Reviews of Yesteryear: Howl’s Moving Castle

To start with, I haven’t read the book that this movie is based on. As such I can’t comment on how good of an adaptation this is. I’m sure you’re all completely devastated by the fact that you don’t have to listen to me rant about adaptation decay but you’ll just have to move on. 

The story follows a young hat maker named Sophie. A coincidental meeting with a wizard named Howl results in her being cursed by a witch and transformed into an elderly woman. To return to normal she makes a deal with a demon named Calcifer to free him from Howl’s control. All she has to do is discover the truth about the enigmatic wizard. 

The story deals with three primary themes. Transformation, love and war. Two of these themes are handled really well. The theme of love… well it suffers from an old cliché I like to call “They met and can stand each other, it must be love.” This happens when two characters who barely know each other fall in love for no reason aside from the plot saying that they should. To be fair this could be a weakness of the original book or it could be the result of time constraints, but since this happens all the time in media I’m not going to give Studio Ghibli the benefit of the doubt, even if they are generally awesome. They aren’t so good when it comes to romance in general, actually. Even if they are awesome when it comes to other things.

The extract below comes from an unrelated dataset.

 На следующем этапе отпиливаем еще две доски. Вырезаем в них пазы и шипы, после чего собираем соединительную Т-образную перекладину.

The only other major story weakness is that everything wraps up far too quickly and neatly. They basically wait until the last ten minutes to start wrapping things up. If they’d used a little ambiguity for some of the secondary plots it wouldn’t feel so rushed, but they try to tie everything together and it just seems like a really cheesy ending as a result. 

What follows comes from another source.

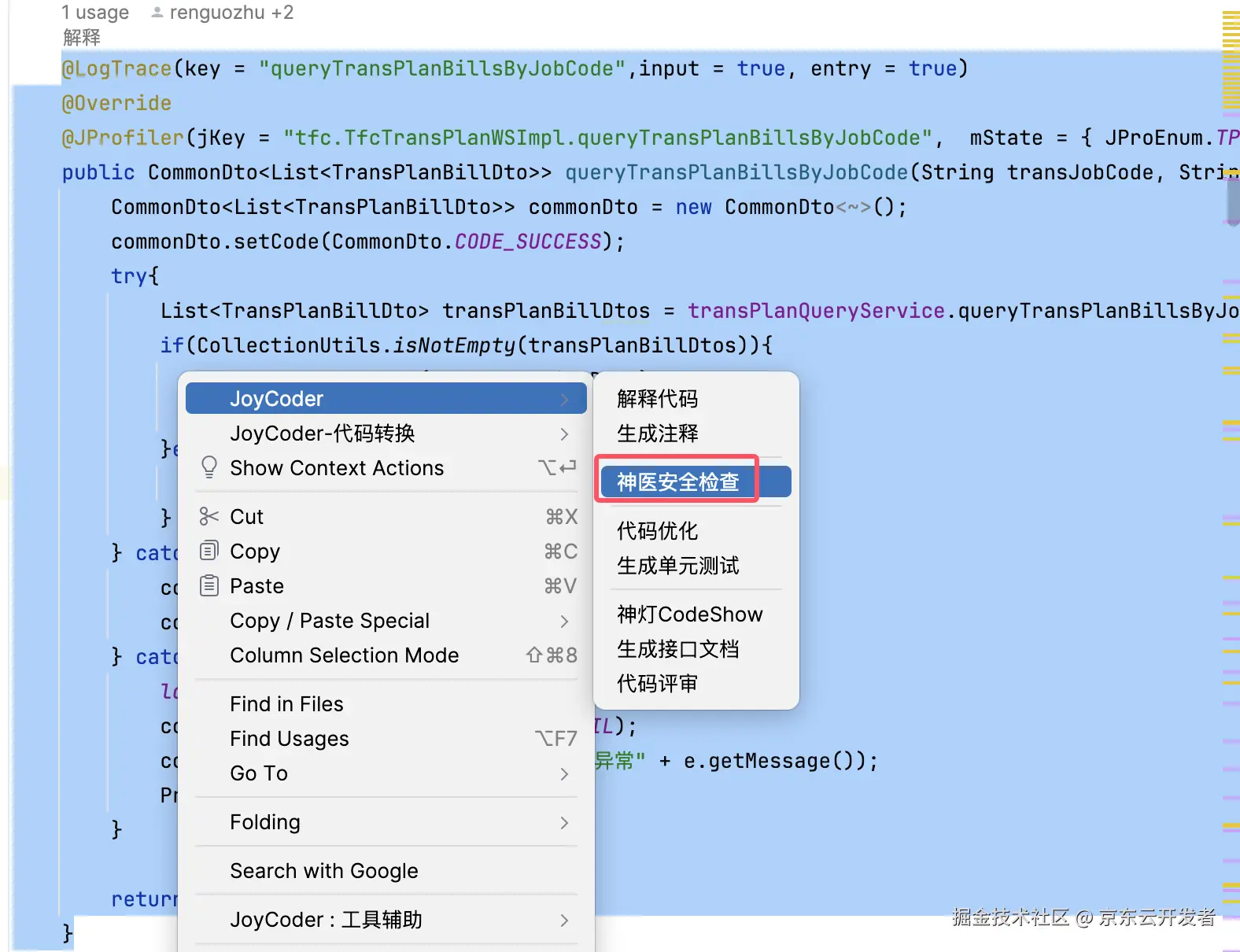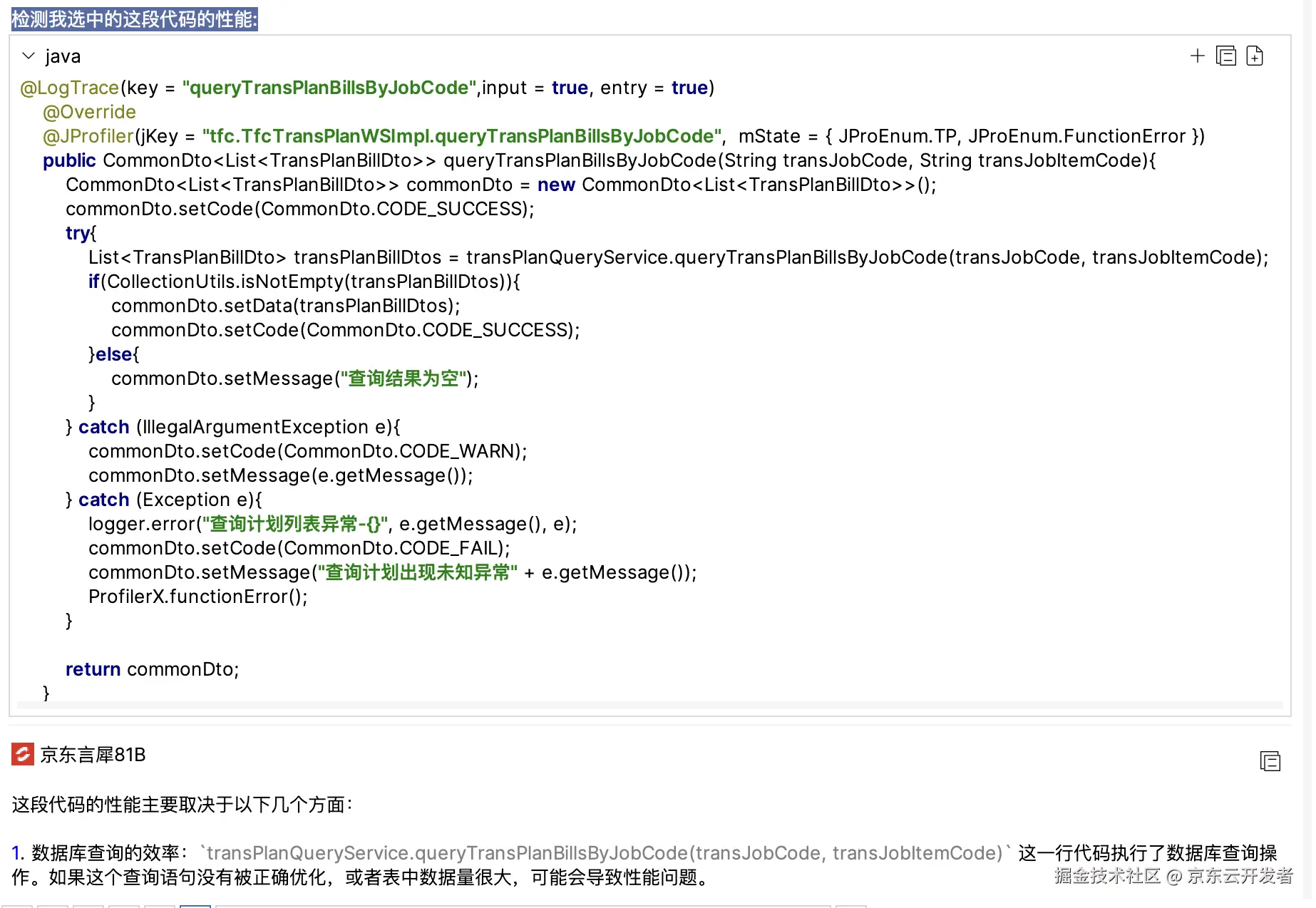 可以通过选中一段代码,然后在JoyCoder的对话框里输入:检测我选中的这段代码的性能,并回车

The characters are pretty interesting, Howl especially. All of the major characters are pretty three dimensional and solid. The only problem is that some of the secondary characters are pretty pointless. The major example of this is Sophie’s sister who shows up in one scene, has a conversation with Sophie and is never seen again. Even the conversation is pretty pointless since all it does is show the audience that Sophie isn’t confident in her appearance, which is done in other ways throughout the film. Actually, this becomes a problem with Sophie’s character because she mopes about not being pretty multiple times and it gets pretty grating.

The visuals are just what you’d expect from Studio Ghibli, stunning. Studio Ghibli draws the viewer into the story’s world with rich and unique visuals. Which is really one of their big strengths as an animation studio. The colours are very bright and vivid. The scenery is rich and beautifully rendered and the characters are highly stylised. 

The voice acting is decent, but nothing stellar. The music is atmospheric and pleasant to listen to. Which is another thing that Studio Ghibli tends to be very good at. 

This is another anime with no yuri, which is probably a good thing since the major and secondary female characters are either elderly or related. So the yuri factor is 1/10.

My final score for Howl’s moving castle is a solid 8/10. It’s a very good movie. It has a few problems, but there’s really nothing so bad that it should seriously affect your enjoyment of the film. The visuals and music are top notch and the story is pretty solid. If you haven’t watched it yet, you should check it out.